In this case, upholding the validity of the unjust enrichment claim would be clear error for the reasons discussed above. Further, there is no prejudice to Plaintiffs, since Plaintiffs served their papers in opposition to Defendants' motion prior to the filing of this Court's previous ruling. In their memorandum, Plaintiffs fully briefed and argued the validity of their unjust enrichment claim. Therefore, prejudice would present no reason not to depart from the law of the case, assuming that this Court were required to do so. Accordingly, Defendants are granted summary judgment on the unjust enrichment claim in its entirety.

4. Promissory Estoppel

Plaintiffs assert in their fourth cause of action that Defendants made a number of unambiguous promises which Plaintiffs relied upon to their detriment. They assert that these promises are enforceable under the theory of promissory estoppel. Defendants move for summary judgment on the fourth cause of action in its entirety.

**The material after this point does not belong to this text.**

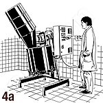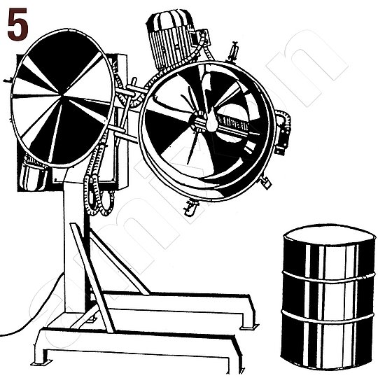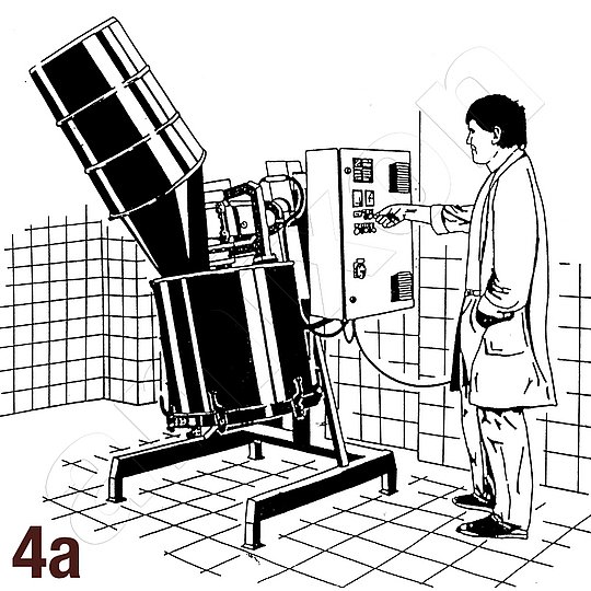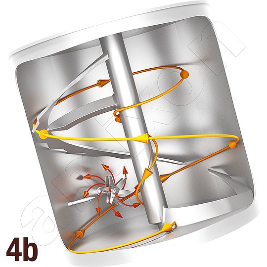 4a + 4b) Mezcla en varias posiciones inclidas; opcionalmente, desaglomeración suave o intensiva. De esta forma, aquellos componentes adicionales líquidos pueden también ser mezclados excelentemente junto con los materiales en polvo. Tras la mezcla, se sigue el mismo procedimiento en orden inverso.

Promissory estoppel is a "narrow doctrine designed to enforce a contract in the interest of justice where some contract formation problem would otherwise prevent enforcement." In re Gulf Oil/Cities Service Tender Offer Litigation, 725 F. Supp. 712, 735 (S.D.N.Y. 1989); see also Bell v. Leakas, 90 Civ. 7981, 1993 WL 77320, *9 (S.D.N.Y. March 13, 1993) ("`Promissory estoppel is a legal fiction designed to substitute for contractual consideration where one party relied on another's promise without having entered into an enforceable contract.'") (quoting Hartford Fire Ins. Co. v. Federated Dep't Stores, Inc., 723 F. Supp. 976, 993 (S.D.N.Y. 1989)). Thus, "[a]n action for promissory estoppel generally lies when there is no written contract, or the contract cannot be enforced for one reason or another." NCC Sunday Inserts Inc. v. World Color Press, Inc., 759 F. Supp. 1004, 1011 (S.D.N.Y. 1991); see also Cyberchron Corp. v. Calldata Systems Development, 831 F. Supp. 94, 112 (E.D.N.Y. 1993) (holding that promissory estoppel is "applicable only in the absence of an enforceable contract"), aff'd in relevant part, vacated in part, 47 F.3d 39, 45 (2d Cir. 1995) (upholding application of promissory estoppel as a substitute for consideration); Bell, 1993 WL 77320, *9 (finding that, even if agreement were found to contain alleged promises, appropriate theory of recovery would be an action for breach of contract and dismissing promissory estoppel claim).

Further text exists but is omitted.